The Children of Men by P.D. James
My rating: 2 of 5 stars
I read this novel after I saw the movie, and discovered this novel is one of the rare exceptions where the movie is better than the novel. It's not that it was badly written. It's just that the author had the wrong focus.
The novel is set in a near future where humanity has lost the ability to have children. Worldwide sterility has persisted for so long that an entire generation has grown up without any children at all. England has become a dictatorship ruled by Xan Lyppiatt. The main character is Dr. Theodore "Theo" Faron, who becomes embroiled in a conflict between a dissident group called the Five Fishes and Xan, his childhood friend and cousin. Along the way, Theo discovers one of the radicals is pregnant with the first unborn child in decades.

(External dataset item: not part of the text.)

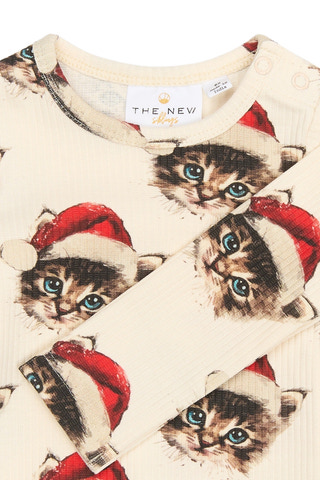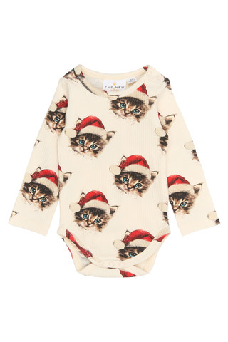 TNSBHoliday Rib Body fra THE NEW Siblings er en charmerende og sjov tilføjelse til vintergarderoben. Denne body fås i to festlige varianter – én med katte iført nissehuer og én med dinosaurer klædt til højtiden – begge med legende all-over prints, der skaber en hyggelig og humoristisk stemning. Den slanke pasform og de praktiske trykknapper ved skulder og bund gør den nem at få af og på, samtidig med at den sikrer en blød og behagelig fornemmelse mod huden.
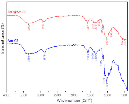 Figure 1 displays the IR spectra of pristine Am-CS and ZnO@Am-CS bio-nanocomposite membranes. The observed absorption band at 3280 cm−1 in the case of Am-CS signifies the stretching vibration of the -NH2 and -OH groups [28,29]. This band was shifted after the formation of the ZnO@Am-CS bio-nanocomposite to a higher wavenumber of 3357 cm−1. Also, the stretching vibration bands at 2919 and 2973 cm−1 are associated with the C-H aliphatic [30]. Moreover, the absorption bands at 1618 and 1583 cm−1 are related to C=O stretching of the secondary amide [8]. The detected bands at 1363 and 1376.14 cm−1 correspond to -C=N- stretching and C-H symmetric bending of the CH2 group on the polysaccharide skeleton. Further, the skeletal vibrations at 892 and 1023 cm−1 correspond to the C-C, C-O, and C-O-C glycosidic bonds [10]. Notably, the observed absorption peaks at approximately 498–600 cm−1 in the case of ZnO@Am-CS bio-nanocomposite are assigned to ZnO vibrations [31], which confirm the successful impregnation of ZnONPs in the Am-CS membrane matrix.

I know it's unfair to compare a novel is to a movie, but I thought the movie's focus on the implications of a world without children worked well. The novel spent too much time on the politics of the dystopian England. It seemed like P.D. James became fascinated with how someone becomes a dictator. There's a lengthy account of how Xan grew up and ultimately rose to power, which I didn't care about at all. The novel eventually boils down to a discussion on power and the abuse of power. Meanwhile, the story of a childless world became pushed into the background. Honestly, I think P.D. James could have cut out the sterility angle of the novel, and ended up with the same book.
That's not to say it was entirely ignored. The novel does delve deeper into the building of the childless world. One of my favorite passages described how some infertile women had been driven insane, and treated dolls as real children. I wish that part had been in the movie.
The Children of Men is a good novel held back from becoming a great novel.